Виды опухолей позвоночника

Боль в спине вызвана четырьмя типами опухолей позвоночника: опухолями позвоночного столба, интрадурально-экстрамедуллярными опухолями (в мембранах, которые окружают спинной мозг), интрамедуллярными опухолями (внутри спинного мозга) и экстрадуральными опухолями (вне спинного мозга) (между мембранами и костями позвоночника). Существует несколько опухолей позвоночника, которые развиваются в нервах спинного мозга, наиболее распространенными из которых являются эпендимомы и различные глиомы.

Первичная опухоль позвоночника – это злокачественные новообразования, зарождающееся в тканях позвоночника. Вторичная опухоль позвоночника — это опухоль, которая мигрировала в позвоночник из другого места. Опухоли в груди, простате, легких и других органах могут мигрировать в позвоночник. 

 

Причины возникновения опухоли позвоночника

Причины возникновения опухоли позвоночника

Первичная опухоль позвоночника не имеет признанной причины. Определенные наследственные генные мутации вызывают некоторую первичную опухоль позвоночника.

При росте опухоли могут поражаться кровеносные сосуды, позвонки позвоночника, мозговые оболочки, нервные корешки и клетки спинного мозга. Опухоль может привести к травме, сдавливая спинной мозг или нервные корешки. Со временем повреждения могут стать необратимыми.

 

Симптомы опухоли позвоночника

Симптомы опухоли позвоночника

История болезни и результаты физикального обследования у пациентов с опухолью позвоночника не всегда связаны с текущим заболеванием. Однако для того, чтобы дать врачу некоторые подсказки относительно заболевания, эти данные должны быть тщательно изучены и оценены.

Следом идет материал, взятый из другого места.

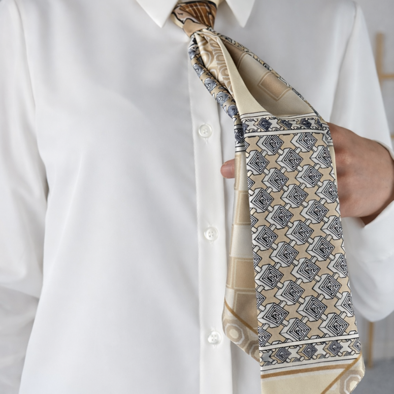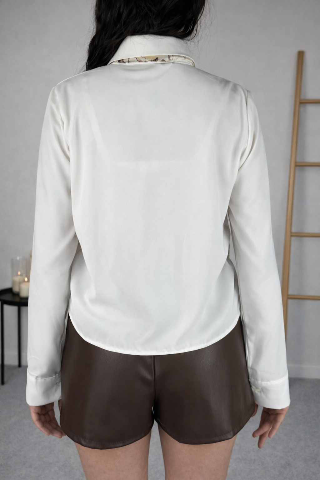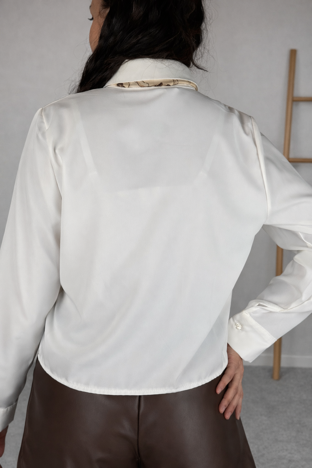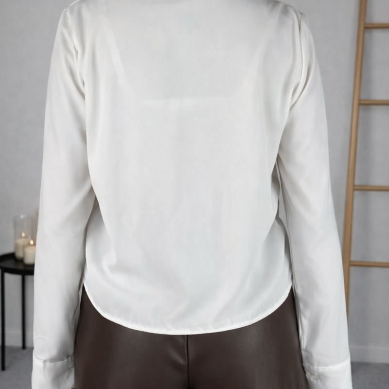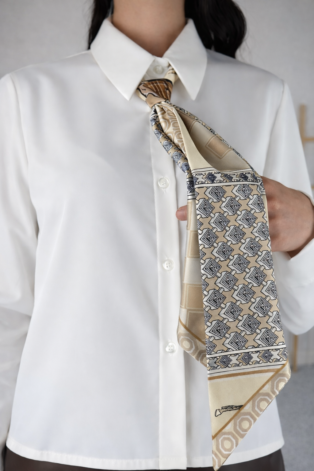 Camicia bianca leggera con cravatta. Si può abbinare benissimo sia ad un look professionale che ad un look sbarazzino!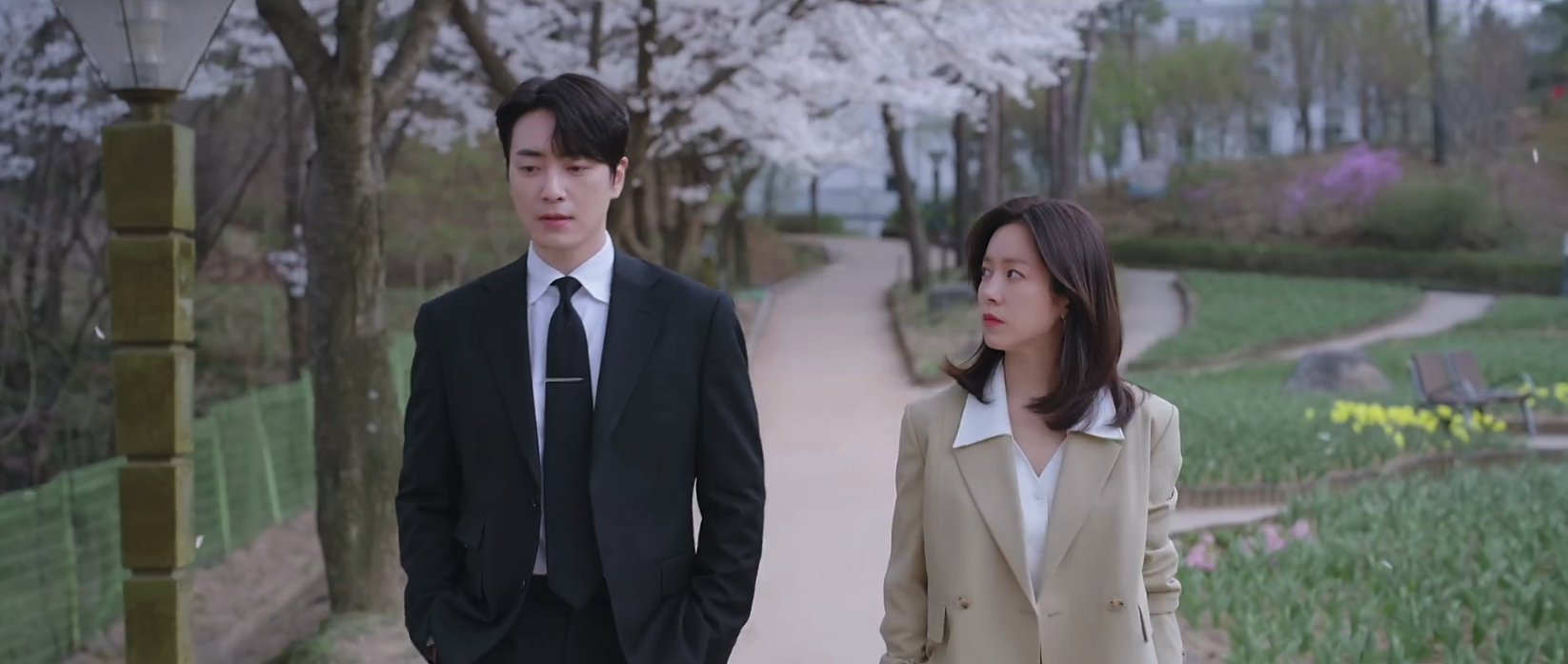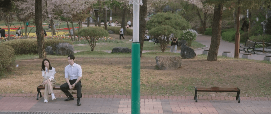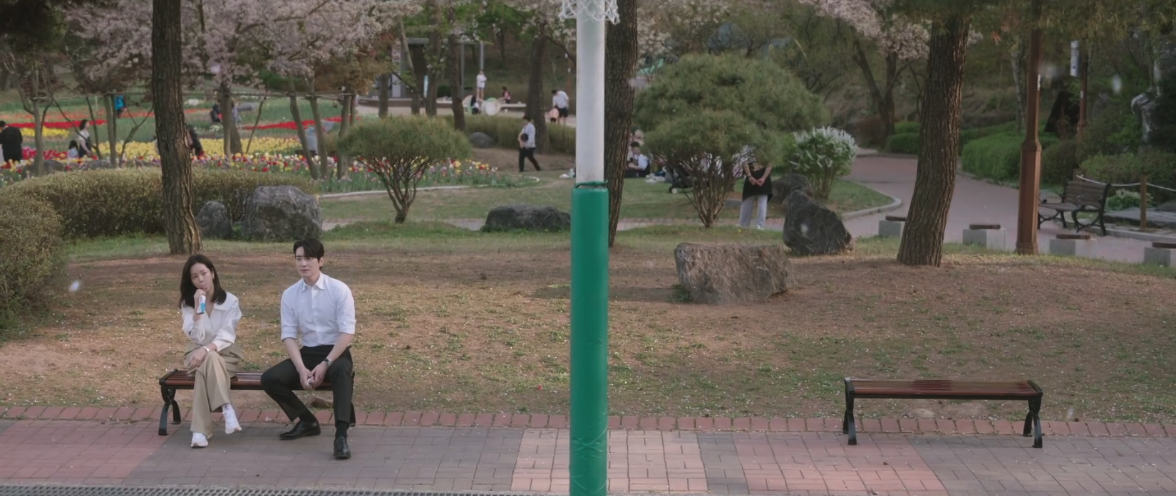 Eun-ho notices the change in Ji-yoon’s behavior so he suggests that they go on a walk to get some fresh air and a change of scenery. He’s even packed her walking shoes in her car trunk to prepare for the occasion (he is always so prepared! I love it!). Though he might not be the best at eating spicy rice cakes, he is good at going on walks. So the two embark on a stroll at a park with cherry blossom petals falling all around them. They walk in silence for 30 minutes and Ji-yoon’s curious as to why Eun-ho hasn’t asked her about Hye-jin. But Eun-ho respects Ji-yoon’s boundaries and he doesn’t want to probe. She doesn’t have to explain herself. Their special (and silent) walk leads them to a basketball court with a group of 4 kids. It turns out that Ji-yoon enjoys playing basketball and the two play a game against each other. In the end, Ji-yoon scores a game-winning shot and it seems like she had more fun playing basketball than the little ones, haha. Ji-yoon and Eun-ho conclude the eventful game by eating some yummy ice cream on a bench and admiring the beautiful scenery. Eun-ho will let Ji-yoon easily win the next time they play another game, haha.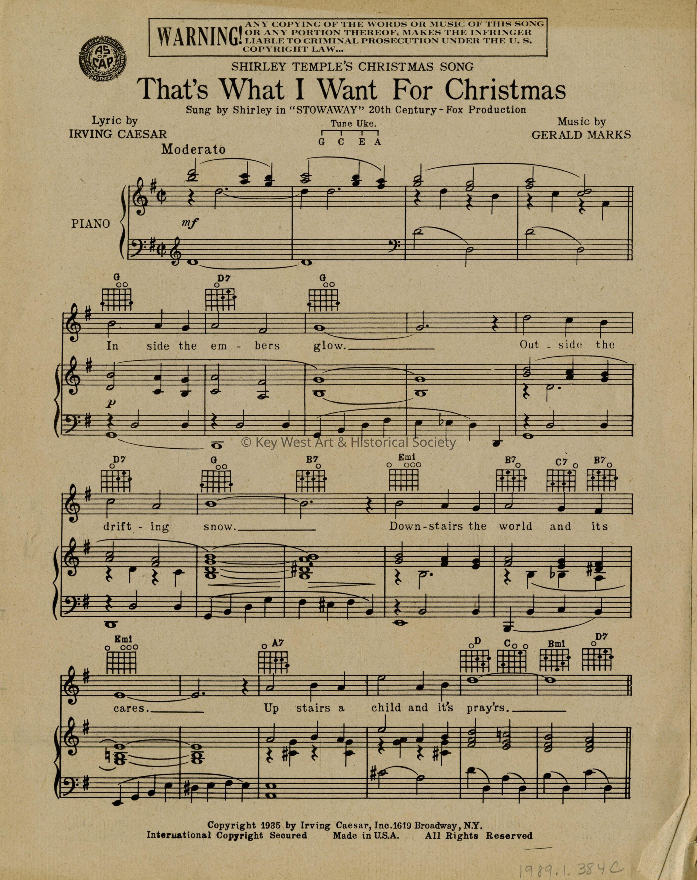 Sheet music for a song entitled 'That's What I Want For Christmas' the Shirley Temple Christmas song with lyrics by Irving Caesar and music by Gerald Marks.
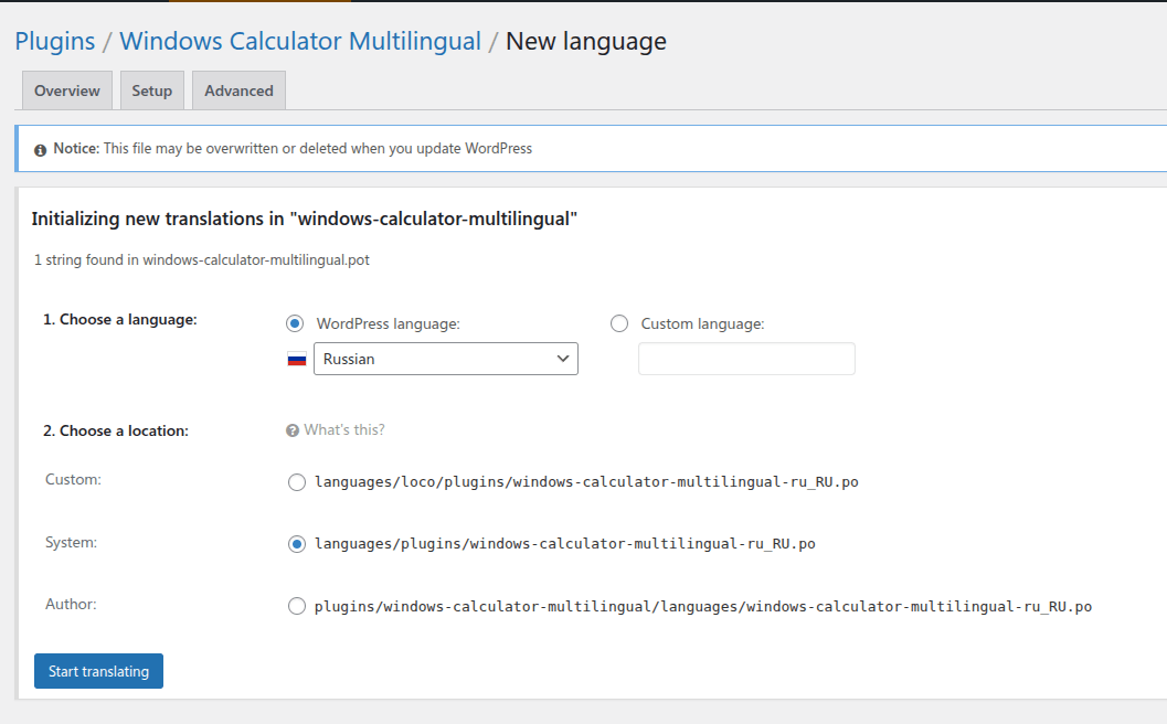 Choose the required translation language first, and "Custom" or "System" for translation location to not store this file within the addon plugin folder to not lose it in case of plugin update or remove.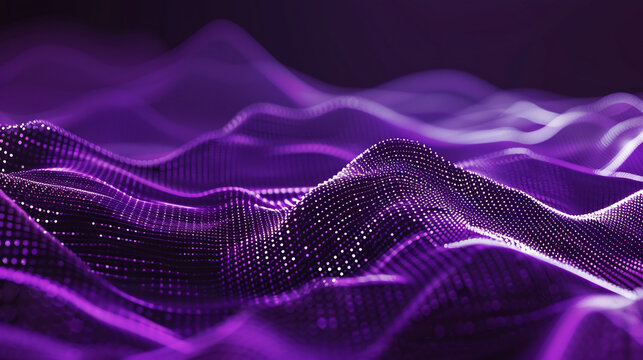 Abstract digital landscape of swirling, violet particles on a dark background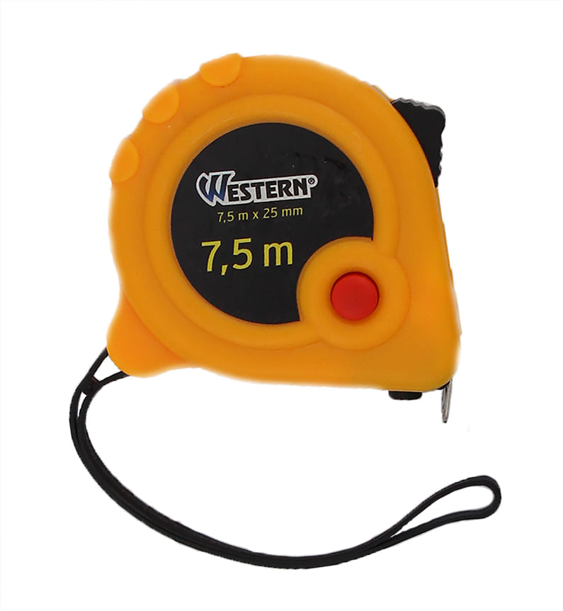 TRENA 7,5MX25MM - Dimensões da Peça: 8 x 4 x 7,5cm - Dimensões da Embalagem: 8,5 x 4 x 13cm - Quantidade Inner: 12 Peças - Dimensões Inner: 27 x 18 x 9,9cm - Quantidade Master: 48 Peças - Dimensões Master: 40 x 29 x 20cm - Material: ABS, Aço carbono - Cor: Amarela - Tipo de Embalagem: Suporte - Marca: Western - Origem: China - Contém: 1 unidade - Comprimento x Largura: 7,5m x 25mm. - Com 2 travas. - Com Imã. - Fita larga. - Cuidados: - Manter fora do alcance das crianças. - Utilize equipamentos de proteção individual. - Caracteristicas: - Medições de áreas ou superfícies em que existe a presença de partículas, pois a fita é confeccionada em fibra de vidro, possível ser lavada.
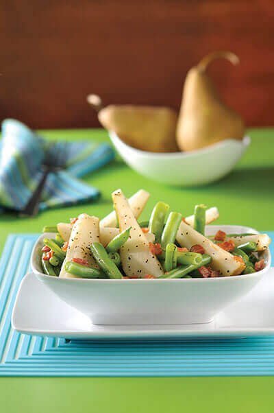 Una original ensalada puede ser la combinación de peras, ejotes y tocino.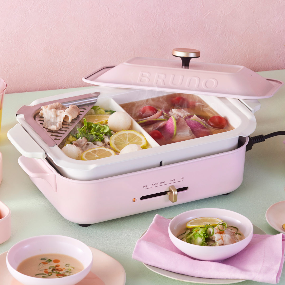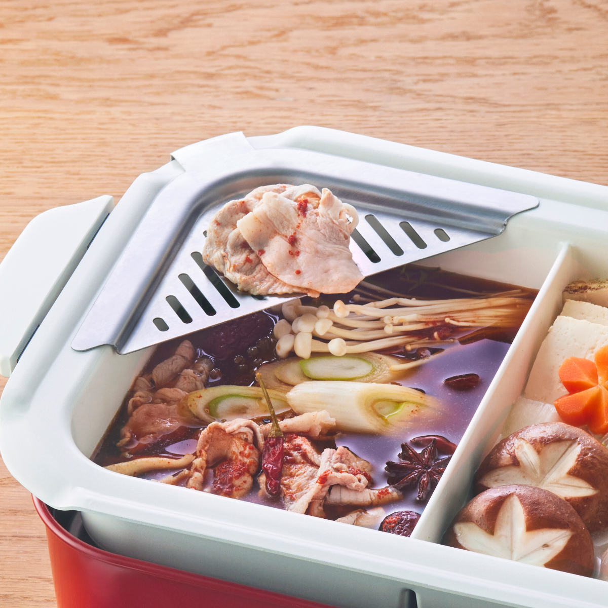 大人気のコンパクトホットプレートで使える専用の仕切り鍋が登場しました。異なる味のスープを同時に調理できるので、辛いのが苦手だったり味の好みが違っても友達や家族みんなで一緒にお鍋を囲めます。もちろん1人で色んな味を堪能したい方にもおすすめです。

Боль является наиболее распространенным и ярким симптомом у пациентов с опухолью позвоночника. Пациенты с опухолью позвоночника, как и пациенты с почти другими опухолями скелетной системы, считают, что их боль связана с недавним травматическим инцидентом, реальным или предполагаемым. Это состояние может подразумевать патологический перелом, который вызван разрушением тела позвонка в результате деградации тока в результате легкой травмы. Наиболее распространенным признаком опухоли позвоночника является боль, которая начинается постепенно, неуклонно ухудшается, часто сохраняется ночью и, наконец, беспокоит пациента даже в состоянии покоя. Патологический перелом определяется как острая боль, начинающаяся без травмы у пациента, у которого ранее не было никаких симптомов. Боль при опухоли позвоночника может быть вызвана различными факторами. Опухоль, формирующаяся внутри тела позвонка и разрастающаяся, вызывает сначала ремоделирование кости и истончение коры, позже патологический перелом и инвазию паравертебральных структур. Основным источником дискомфорта в начале заболевания является растянутая надкостница, вызванная увеличением коры. После возникновения перелома возникает дискомфорт из-за сдавления нервов, неврологических нарушений и нестабильности. Дискомфорт в области талии и спины очень часто встречается у населения в целом. У большинства людей с опухолью позвоночника наблюдается локальная болезненность, которая не встречается при нетравматических заболеваниях позвоночника. Из-за боли доброкачественные опухоли у детей могут вызывать вторичный сколиоз или кривошею. Кифотическая осанка может наблюдаться при патологическом переломе.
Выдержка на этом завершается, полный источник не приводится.